It is impossible to picture modern life without thinking of the vast amount of microelectronic applications that surround us. However, such development has only been made possible with the invention of the transistor in the 50’s. This – back at that time – few centimeters large device, led to a technological revolution. Today the size of the transistors has been shrunk to 7 nm and quantum physics comes into play. Researchers in basic research are trying to develop new concepts which will use quantum mechanics and allow information processing to operate on completely different principles.
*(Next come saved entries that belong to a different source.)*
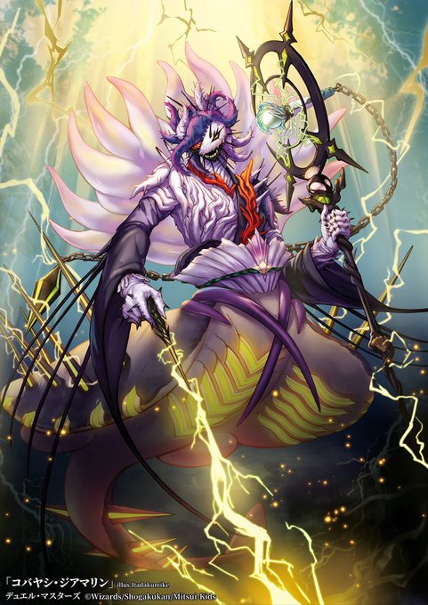 70 175 【お仕事】12月17日(土)発売 デュエル・マスターズTCG ゴッド・オブ・アビス 第2弾「轟炎の竜皇」🔥 「コバヤシ・ジアマリン」のシークレットレア版とノーマル版の2種担当させていただきました!水文明でハイクを詠もう📱 #デュエマ #デュエル・マスターズ 22/12/17 13:39
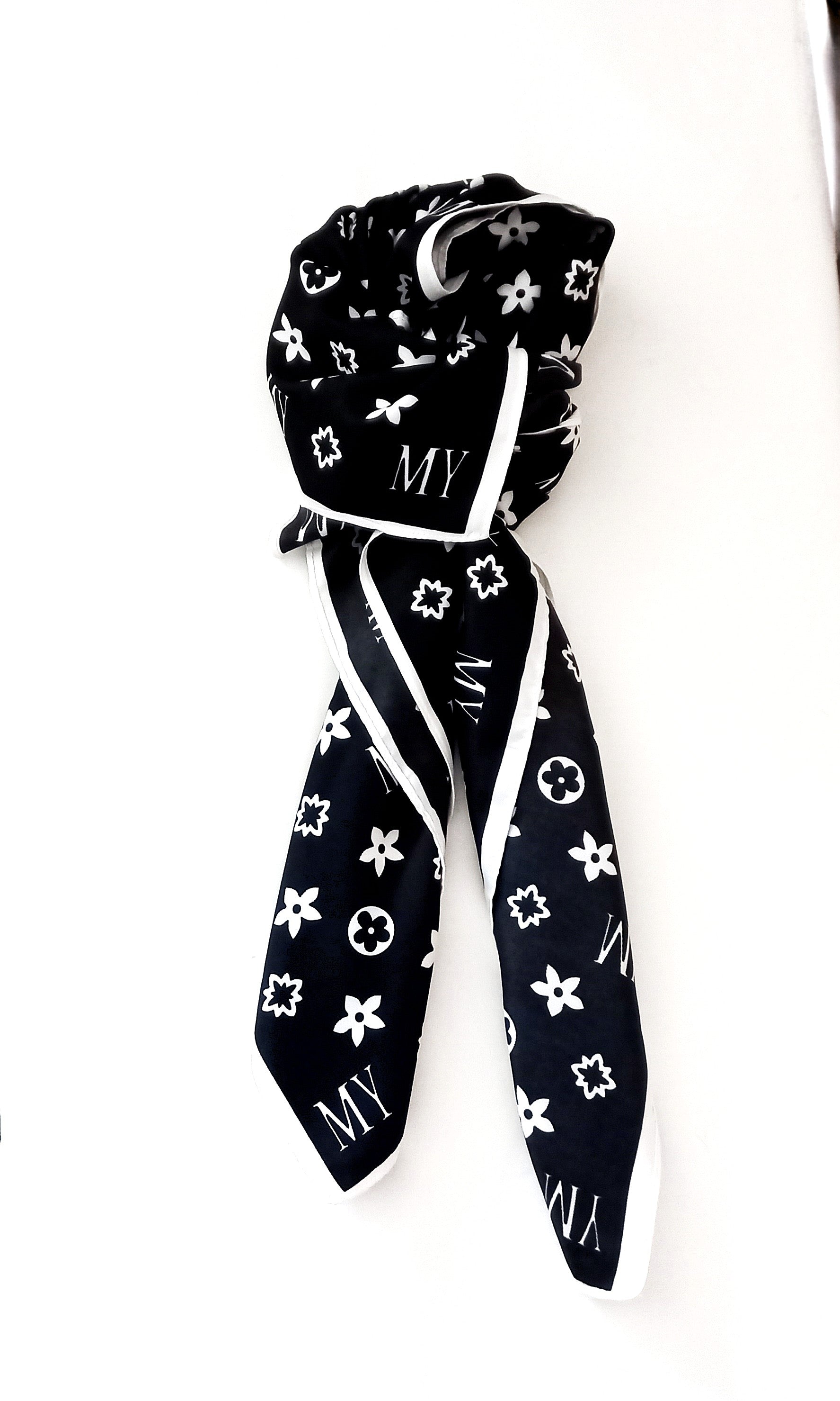 Pañuelo elegante fino de viscosa y seda con dibujos de tréboles y flores en blanco y negro para mujer.
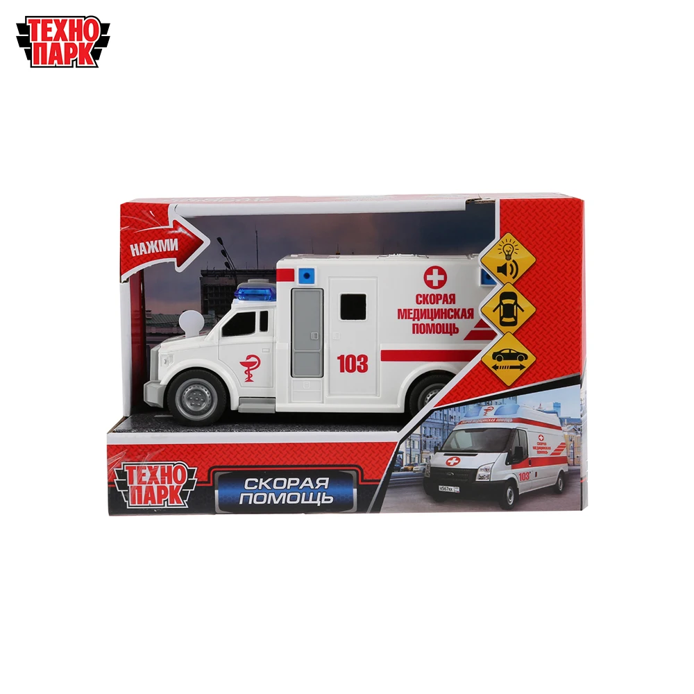 Функционал коллекционной металлической модели «Скорая помощь» ТМ «ТЕХНОПАРК» 4 в 1:

In this line, Loss and DiVincenzo suggested the use of electron spins confined in lithographically defined quantum dots as elementary qubits to realize a quantum computer. In the past few years holes in Ge have emerged as a very promising platform for the realization of spin qubits, due to the small effective mass, large spin orbit coupling and absence of the valley problem faced by electron spins. In addition, in the quantum information community there has been recently a huge wave of excitement in the prospect of using protected qubits for quantum computation. Such protection can be realized on the hardware-level by using topological qubits or cleverly designed electrical circuits.

In the nanoelectronics group we study spin qubits in two dimensional Ge heterostructures and in parallel we aim to understand whether protected qubits can be realized in hybrid semiconductor-superconductor systems. While our research is focused on the realization of different types of qubits, the group is very much interested in studying new fundamental physics emerging in semiconductor nanodevices.